■ Task material
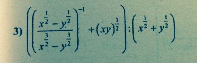 1) ((x^(1/2)-y^(1/2))/(x^(3/2)-y^(3/2)))^(-1) = (x^(3/2)-y^(3/2))/(x^(1/2)-y^(1/2)) = (x^(1/2)-y^(1/2)*(x+(xy)^(1/2)+y)/(x^(1/2)-y^(1/2))=x+(xy)^(1/2)+y
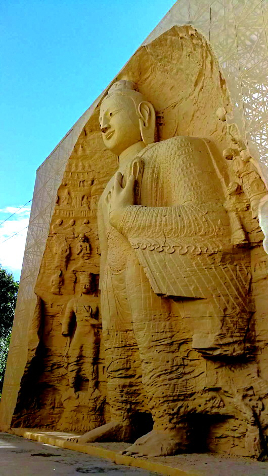 云冈石窟第20窟属云冈早期造像,“昙曜五窟”之一。由于窟顶崩塌,主像外露,俗称露天大佛。大佛两侧为立佛,其中东立佛保存完整,佛像着通肩衣,右手施无畏印,左手下垂提拎袈裟衣裾,面西偏南;但西立佛仅存下身膝以下局部以及头光局部,其余身躯已经坍塌,佛像原形态一直不为人知。
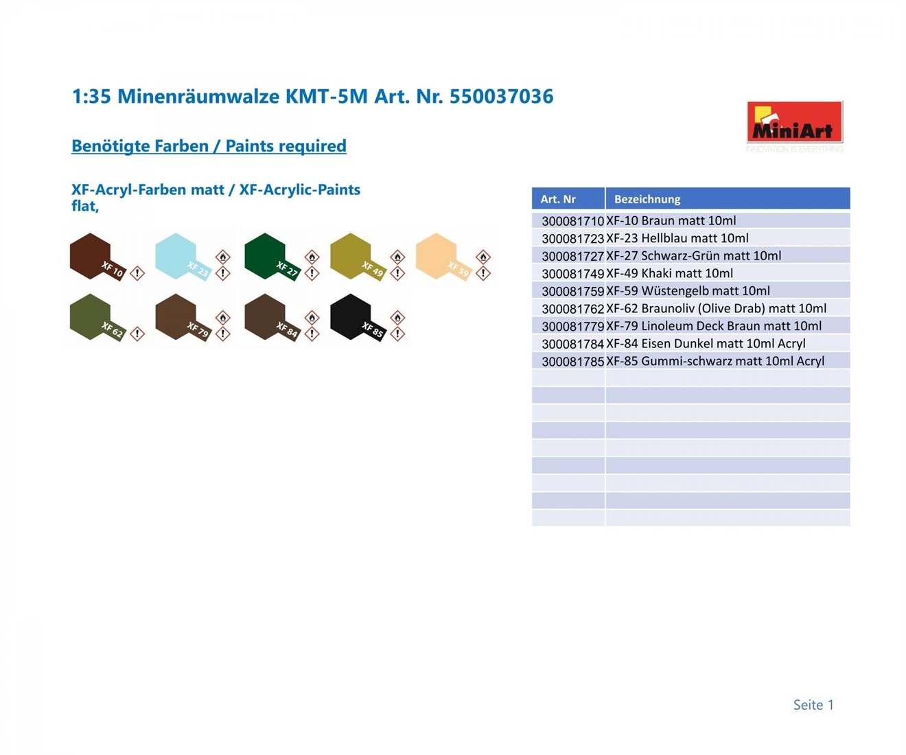 Das Standmodell ist eine Nachempfindung einer Minenräumwalze KMT-5M im Massstab 1:35. Mithilfe der originalgetreuen Nachbildung, wird die Detailtreue wiedergespiegelt, weshalb sich der Standmodellbausatz somit ideal für Dioramen mit entsprechenden Szenerien eignet.
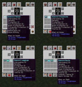 Чуть-чуть я поторопился и не всё проверил, согласен. В режиме выживания, похоже, ограничено количество одновременных зачарований. Наложить на предметы брони получается 6 зачарований за раз, но сочетать можно ранее не сочетавшееся. К примеру шлем в выживании без Unbreaking и Mending я смог зачаровать на Protection, Fire Protection, Blast Protection, Projectile Protection, Respiration и Aqua Affinity. А это тоже весьма читерный шлем получается. Так же и с другими элементами брони.
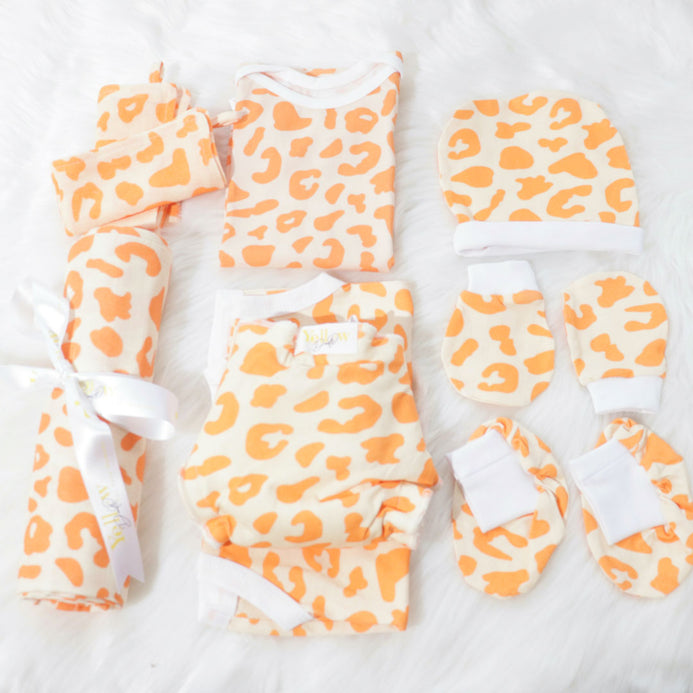 • Set of 11 : 1 Cotton Cap, 1 pair of mittens, 1 pair of booties, 1 babywear set (nappy & vest), 1 bodysuit, 1 luxury swaddle, 2 muslin wipes.

■ Task requirements
Your task is to return the lines above, from the first one up to and including the line containing "云冈石窟第20窟属云冈早期造", minus any pictures.

■ The completed task
 1) ((x^(1/2)-y^(1/2))/(x^(3/2)-y^(3/2)))^(-1) = (x^(3/2)-y^(3/2))/(x^(1/2)-y^(1/2)) = (x^(1/2)-y^(1/2)*(x+(xy)^(1/2)+y)/(x^(1/2)-y^(1/2))=x+(xy)^(1/2)+y
 云冈石窟第20窟属云冈早期造像,“昙曜五窟”之一。由于窟顶崩塌,主像外露,俗称露天大佛。大佛两侧为立佛,其中东立佛保存完整,佛像着通肩衣,右手施无畏印,左手下垂提拎袈裟衣裾,面西偏南;但西立佛仅存下身膝以下局部以及头光局部,其余身躯已经坍塌,佛像原形态一直不为人知。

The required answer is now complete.